Приехала «Скорая», врачи. Прибыл из отдела дежурный следователь. К душным запахам женской тюрьмы прибавился запах успокоительных лекарств. К Кате подошел оперуполномоченный из отдела убийств, сказал, что дозвонился Колосову, проинформировал его об операции в притоне. Что Колосов уже на пути сюда, в поселок Красный Пролетарий.

Была уже глубокая ночь, когда все оперативно-следственные действия в доме-тюрьме были завершены.

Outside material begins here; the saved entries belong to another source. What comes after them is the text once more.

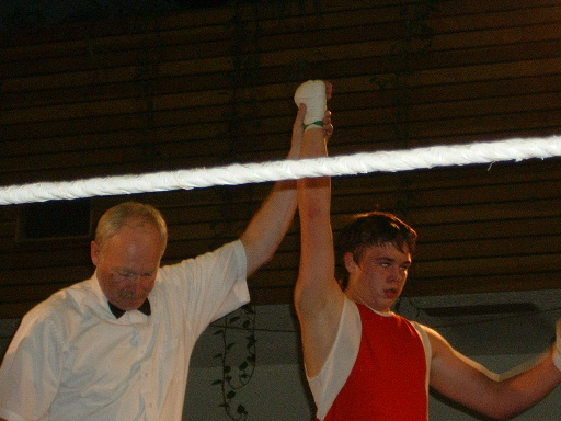 Tyler Dillman was definitely the Cinderella man of this tournament for the Manning Boxing Club. Tyler had his third fight and his first win! Every time Tyler gets in the ring he improves. He fought a young man from Red Deer who gave Tyler a run for his money. He won his match by Split Decision, which means it was very close, but a great fight! Congratulations Tyler on your win.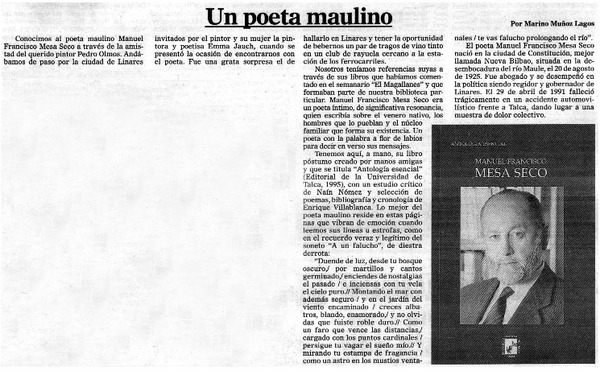 Un poeta maulino [artículo] Marino Muñoz Lagos.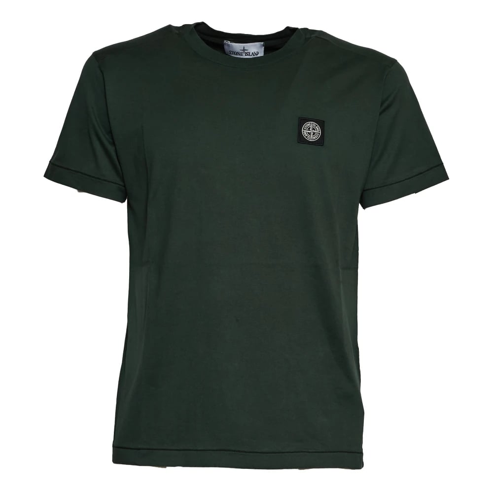 Stone Island, Toppar , Herr, 2Xl, Bomull, Slim-Fit Logo Patch T-shirt Grön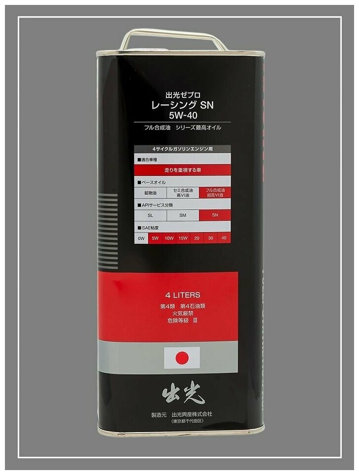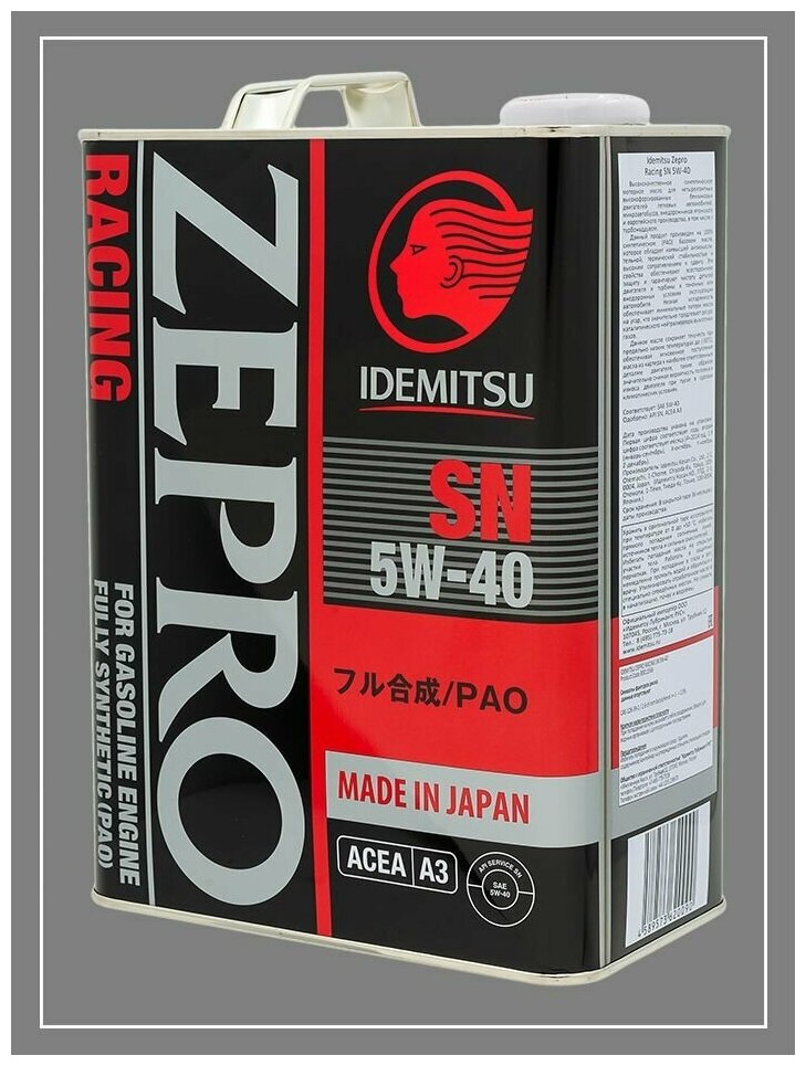 | Дополнительная информация | Моторное масло IDEMITSU Zepro Racing 5W-40 SN |

Колосов прибыл уже под самый занавес. От него пахло рекой и соляркой. Вместе со своими сотрудниками он тут же занялся допросом задержанных охранников притона. Из «газика» для удобства их пересадили в автобус ОМОНа.

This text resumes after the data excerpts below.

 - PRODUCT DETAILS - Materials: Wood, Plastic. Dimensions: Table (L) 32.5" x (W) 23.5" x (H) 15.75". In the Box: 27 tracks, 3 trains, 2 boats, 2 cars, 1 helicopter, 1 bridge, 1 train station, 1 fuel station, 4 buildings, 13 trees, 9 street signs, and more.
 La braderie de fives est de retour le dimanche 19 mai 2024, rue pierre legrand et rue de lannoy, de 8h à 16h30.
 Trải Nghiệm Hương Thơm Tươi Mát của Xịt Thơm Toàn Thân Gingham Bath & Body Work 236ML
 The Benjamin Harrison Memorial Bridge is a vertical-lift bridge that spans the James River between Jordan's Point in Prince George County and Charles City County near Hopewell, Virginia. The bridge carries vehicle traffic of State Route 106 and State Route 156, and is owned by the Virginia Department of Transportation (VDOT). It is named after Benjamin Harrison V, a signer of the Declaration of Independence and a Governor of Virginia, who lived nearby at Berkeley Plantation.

Они были ошарашены мгновенной переменой собственной участи – вот, казалось, только что сидели себе, выпивали, смотрели телевизор, телок этих безмозглых сторожили, ждали звонка – везти ли очередную трахалку клиенту на забаву. И вдруг – бац, ворота с петель, ОМОН, штурм, стрельба в воздух, зуботычины, наручники. И мент какой-то из угрозыска теперь дятлом долбит их больные с перепоя головы вопросами о Мадам Валерии, о Шестипалой чертовке. Да им-то что до нее? На фиг им эта фурия бешеная была нужна? Они к ней и к ее девкам и касательства никакого не имели. Шестипалая с девками лучше надзирателя сама разбиралась. А они – просто охрана. Их дело – смотреть, чтобы девки решетки не перегрызли, не сбежали. А Мадам Валерия с Бузой непосредственно бизнес вела, с Бузыкиным Олегом Петровичем. Его тоже здесь теплым взяли. И поделом – боссу спать по ночам полагается, а не ездить проверять – не дрыхнет ли на посту, не пьет ли водку его охрана.

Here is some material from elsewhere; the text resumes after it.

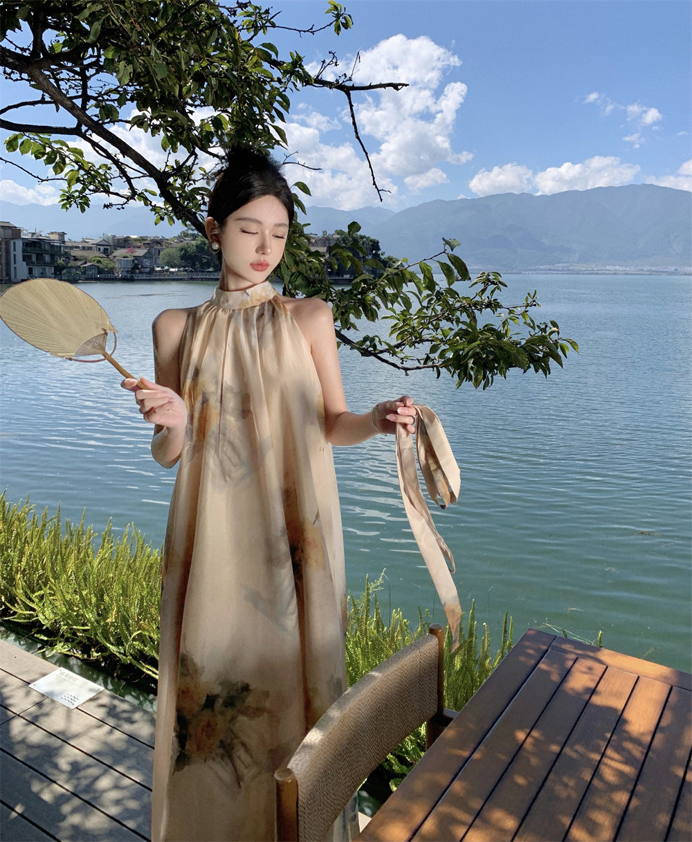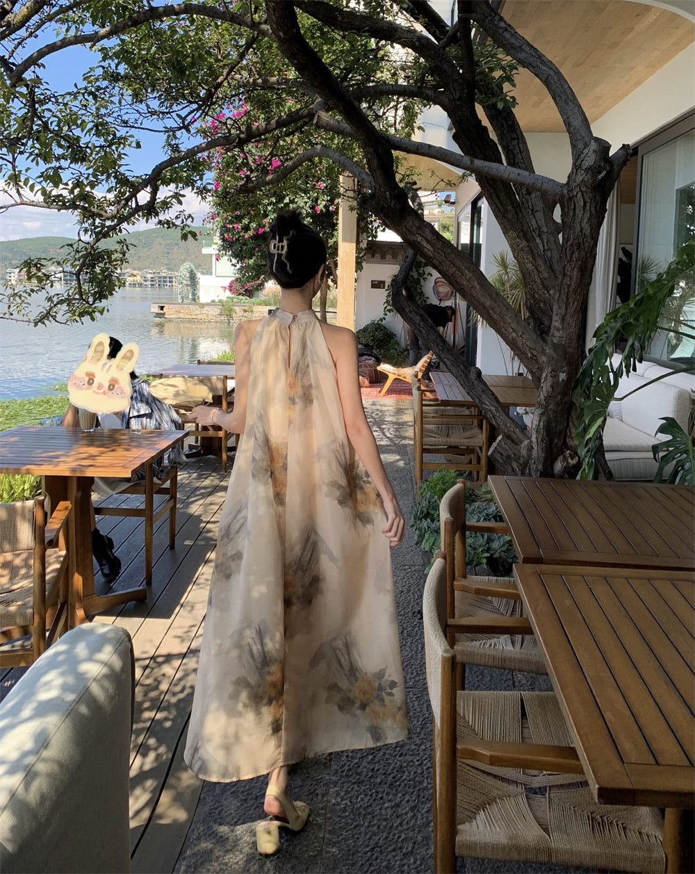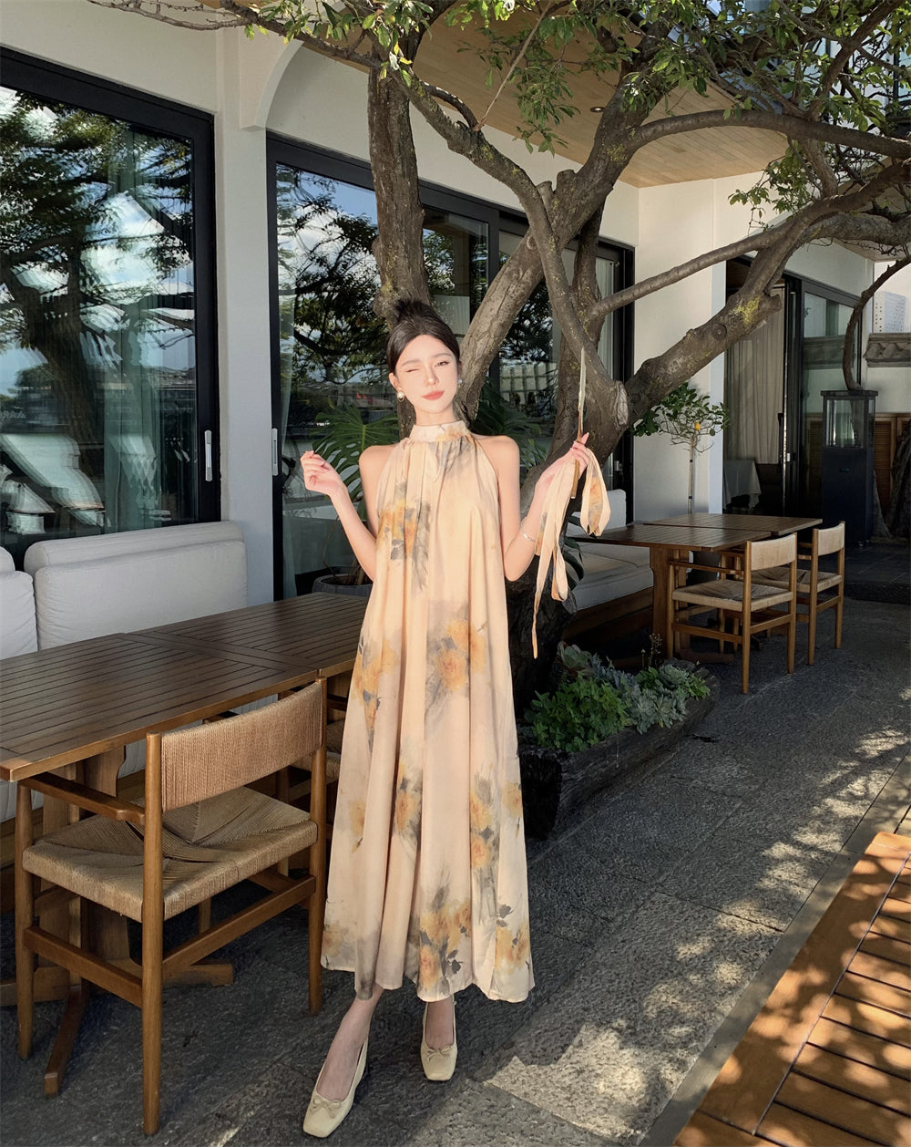 Retro high-end backless sexy halter neck dress waist temperament holiday long dress R1435

Бузыкиным Олегом Петровичем оказался тот самый толстяк в спортивном костюме. На Катю он произвел самое отталкивающее впечатление. Бывают такие типы, после которых хочется сразу помыть руки. В его допрос Катя не вмешивалась. Сидела, слушала как Колосов и рьяно помогавший ему участковый Кукушкин по крупице выжимают из него показания:

– Блохину Валерию знали?

– Не знал.

– Как не знали? А вот показания гражданок Цуркан, Ясинчук, Троепольской, Мигайло, что вы и гражданка Блохина в этом доме насильственно удерживали их в течение трех месяцев, заставляя заниматься…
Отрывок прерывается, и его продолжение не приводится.